After a long delay, the volunteer-run Bloor and Borden farmers’ market is open and ready for another season. The market takes place Wednesdays from 3-7 p.m. It’s located in the Green P parking lot off Borden Street just south of Bloor Street. 

This season, there are only seven vendors at the market, with offerings ranging from baked goods to fresh organic produce. According to Rory ‘Gus’ Sinclair, former chair of the Harbord Village Residents’ Association (HVRA), the market plans on staying open until the end of October. 

There are a few changes to keep in mind when visiting the farmers’ market this summer: 

  • Only some vendors will be accepting cash, credit cards are strongly encouraged. 
  • All shoppers must maintain a six-foot distance from one another. 
  • Hand sanitizer will be available for visitors.
  • Masks are mandatory for all shoppers.

There is also a one-way lane for shoppers to line up and enter the market. Additionally, a new online ordering system is available on the Bloor and Borden’s farmers’ market website: Shoppers may now pre-order on the website and pick up their orders at the market in line.  

Pre-ordering may be a blessing for shoppers, but  making it happen proved challenging for some vendors. 

“My biggest challenge was predicting my crop,” said Christine D’Hulster, Co-Owner of Son-in-Law Produce,  in a phone interview with The Annex Gleaner. “With online ordering I have to have my product online a week before, so that’s been really challenging, to determine if the crop is going to last another week or how much I can offer.” 

Baker Olivia Yetter, owner of OY’s Joys likes the new online ordering system because it helps decrease waste and determines the amount of products she has to bring.  

“Without obviously any pre-sales, I would bring my goods and try to sell them. If it didn’t sell, I would take it home as a loss,” Yetter said in a phone-interview with The Gleaner. 

Another change in the market this year is the community-filled atmosphere. According to Helen Goldlist, Chair of the Market Advisory Committee (MAC), the market is more than an area for local groceries, it’s also a place to build and strengthen the community. In previous years, the market’s centre square was filled with musicians, activity tables, and resting areas for community members to get together. However, this season, the farmers’ market will lack the centre square due to the coronavirus pandemic. 

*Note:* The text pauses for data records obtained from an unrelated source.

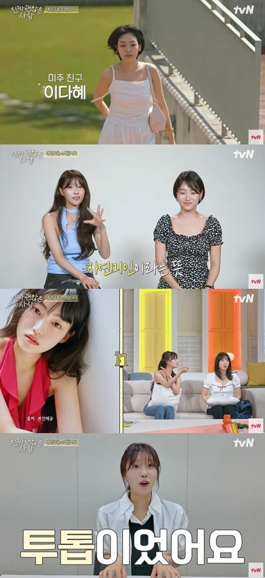 3일 첫 방송된 tvN '진짜 괜찮은 사람'에는 이미주의 친구가 등장했다.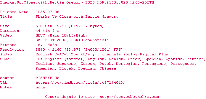 Voir le nfo de la release Sharks.Up.Close.With.Bertie.Gregory.2025.HDR.2160p.WEB.H265-EDITH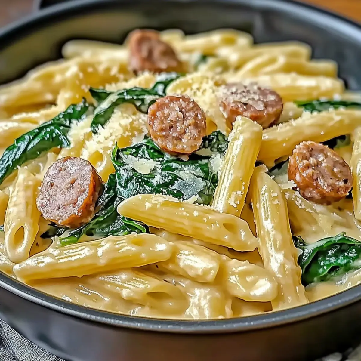 One-Pan Creamy Penne with Spinach and Italian Sausage Magic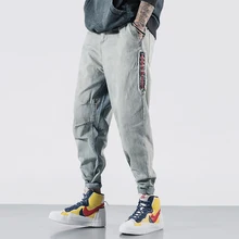 Related Product for Japanese Fashion Men Jeans Loose Fit Retro Light Blue Elastic Waist Harem Pants Embroidery Streetwear Hip Hop Tapered Jeans Men

“I would say the community feel is different, but, the customers this year are still very supportive,” said Christopher Dunbar, owner of Dunbar Organic Farm.

D’Hulster also made many online connections with community members who showed support and appreciation for her produce.  

“It’s obviously a very hard time for people and the fact that receiving our produce makes their day and brings a little bit of normalcy in their life has honestly brought tears to my eyes,” said D’Hulster. 

“I think every neighbourhood should have a market because it does bring a community together. When you have a stronger community, you’ll have stronger people,” Dunbar said.